Many of the northern tribes had increased contact with the White population between 1804-1806 when Lewis and Clark and other US Army teams explored this area. By that time most tribes had knowledge of alcoholic beverages (Weibel-Orlando, 1986). There is no evidence that alcohol was produced in this region prior to White contact or that any of their ceremonies contained any ritual drinking of non-alcoholic beverages as in the South-eastern Tribes (Abbot 1996, 7-8). In the northwest, the Kwakiutl of Vancouver Island produced a mildly alcoholic drink using elderberry juice, black chitons, and tobacco[1].
Despite the fact that they had little to no agriculture, both the Aleuts and Yuit of Kodiak Island in Alaska were observed making alcoholic drinks from fermented raspberries. The Aleut had first White contact with Russian sailors who brought with them and later manufactured "kvass". This was an alcoholic beverage that was made from grain, apples, or roots and thought to prevent scurvy: "The Aleuts, however, did not need smuggled liquor, for since over a century [before the purchase of Alaska by the US government in 1867] they has adapted to their own use the art of making kvass, which they prepared by fermenting sugar, flour, hops, dried apples, and perhaps berries together with water in a large barrel.

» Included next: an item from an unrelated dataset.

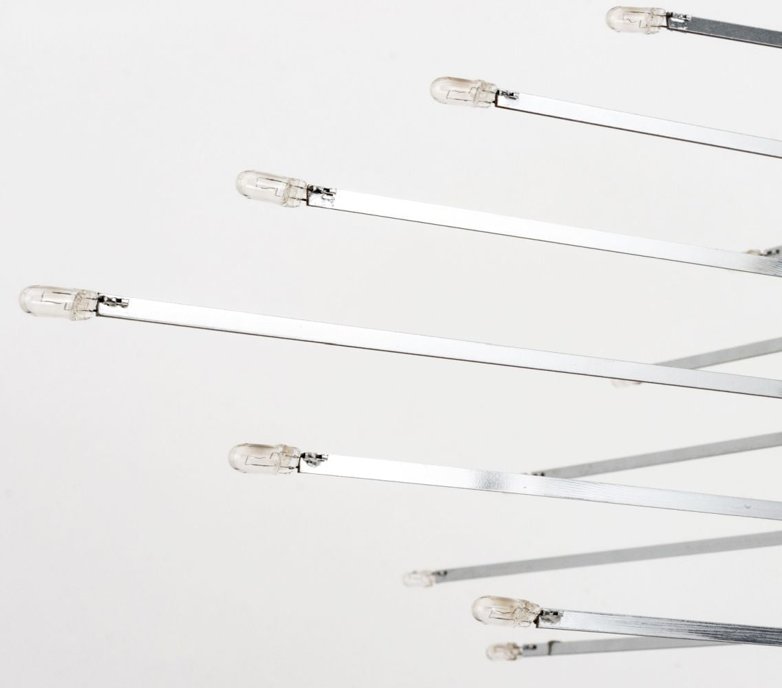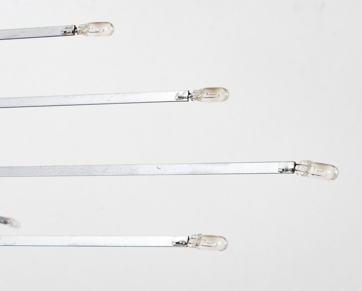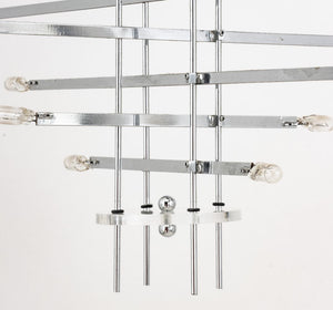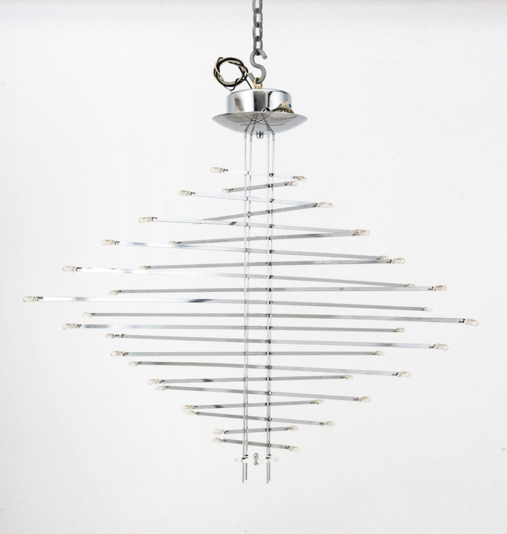 Modern Italian Chrome and Glass Suspension Light, having 22 graduated crossing arms with miniature light bulbs to each end. 27" H x 38" W x 38" D. Provenance: From a Long Island Estate. Keywords: Lighting, Hanging light, Chandelier, Interior design, Decorative Arts

Before the mixture worked clear they drew off a thick, sour liquid that was an effective source of alcohol". "For most Koniag users, however, kvass remained the staple drink. It was prepared in much the same way as in the Aleutians, with seemingly more emphasis on the use of potatoes and berries" (Fortuine 1989, 291). Initially, alcohol was only a problem for the Russian sailors but became a serious problem later for the Aleut. Natives of this region, too, learned to prepare kvass and had access to bootlegged whiskey (Abbot 1996, 9). The other account was by Davydov in 1807 who claimed that the Koniag, a tribal group of southeastern Alaska named the Kolosh by the Russians, who were Southern Eskimo (Yuit), made an alcoholic beverage : "However, the Koniagas did get drunk before the Russians came, on the fermented juice of raspberries and bilberries"[2]. Davydov confirms that : "The Russians on the other hand use the whortleberry and fern roots to make kvass." (Davydov 175).
The Aleuts or Koniag drank fermented berry and fruit drinks before their first contact with Russian settlers in the late 18th century. Did they brew beer? Did they have starchy plant resources like the roots used by the Tlingits (Kolosh)? This remains an unsettled issue.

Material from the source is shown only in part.